Tribunal Administratif de Montpellier — Décision N° TA34-2300207

mardi 18 juin 2024

JuridictionTribunal Administratif de Montpellier
SectionTribunal Administratif de Montpellier
N° DossierTA34-2300207
TypeDécision
RecoursExcès de pouvoir
PublicationC
Formation6ème Chambre
Avocat requérantMANYA

Texte intégral

Vu les procédures suivantes :

I. Par une requête, enregistrée le 18 mai 2022, sous le n°2202565, Mme C B, représentée par Me Manya, demande au tribunal :

1°) d'annuler la décision du 18 mars 2022 par laquelle la présidente du centre intercommunal d'action sociale (CIAS) Corbières Méditerranée a refusé de renouveler son contrat à durée déterminée ;

2°) d'enjoindre à la présidente du CIAS Corbières Méditerranée de la réintégrer sans délai au sein de ses services ;

3°) de mettre à la charge du CIAS Corbières Méditerranée les dépens et la somme de 1 500 euros au titre de l'article L. 761-1 du code de justice administrative.

Elle soutient que :

- la directrice n'avait pas compétence pour signer la décision contestée ;

- la décision, qui n'est pas motivé par l'intérêt du service, est entachée d'illégalité.
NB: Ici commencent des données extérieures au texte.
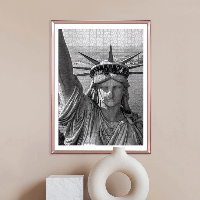 Acest puzzle elegant în alb-negru, cu motivul Statuii Libertății, îmbină designul și distracția. Datorită tehnologiei de tipărire de top, ies în evidență detaliile fine și texturile, crescând plăcerea asamblării și efectul vizual final. Cartonul gros pentru puzzle asigură îmbinarea precisă a pieselor și o rezistență ridicată.

Par un mémoire en défense, enregistré le 21 novembre 2022, le CIAS Corbières Méditerranée, représenté par la société civile professionnelle (SCP) Chichet, Henry, Paillès, Garidou, Renaudin, conclut, à titre principal, au rejet de la requête, oppose, à titre subsidiaire, un non-lieu à statuer et demande au tribunal de mettre à la charge de la requérante de la somme de 1 500 euros au titre des dispositions de l'article L. 761-1 du code de justice administrative.

Il soutient que :

- les moyens soulevés dans la requête ne sont pas fondés ;

- au surplus, par un arrêté du 17 octobre 2022, qui s'est substitué à l'arrêté contesté, une décision de non-renouvellement du contrat de l'agent a été à nouveau prise.

II. Par une requête, enregistrée le 13 janvier 2023, sous le n°2300207, Mme C B, représentée par Me Manya, demande au tribunal :

1°) d'annuler l'arrêté du 17 octobre 2022 par lequel la présidente du CIAS Corbières Méditerranée a refusé de renouveler son contrat à durée déterminée ;

2°) d'enjoindre à la présidente du CIAS Corbières Méditerranée de la réintégrer sans délai au sein de ses services ;

3°) de mettre à la charge du CIAS Corbières Méditerranée les dépens et la somme de 1 500 euros au titre de l'article L. 761-1 du code de justice administrative.

Elle soutient que :

- l'arrêté contesté, qui comporte une omission de la date dans son intitulé, est entaché d'un vice de forme ;

- le non-renouvellement de son contrat lui a été notifié tardivement ;

- la décision, qui n'est pas motivée par l'intérêt du service, est entachée d'illégalité.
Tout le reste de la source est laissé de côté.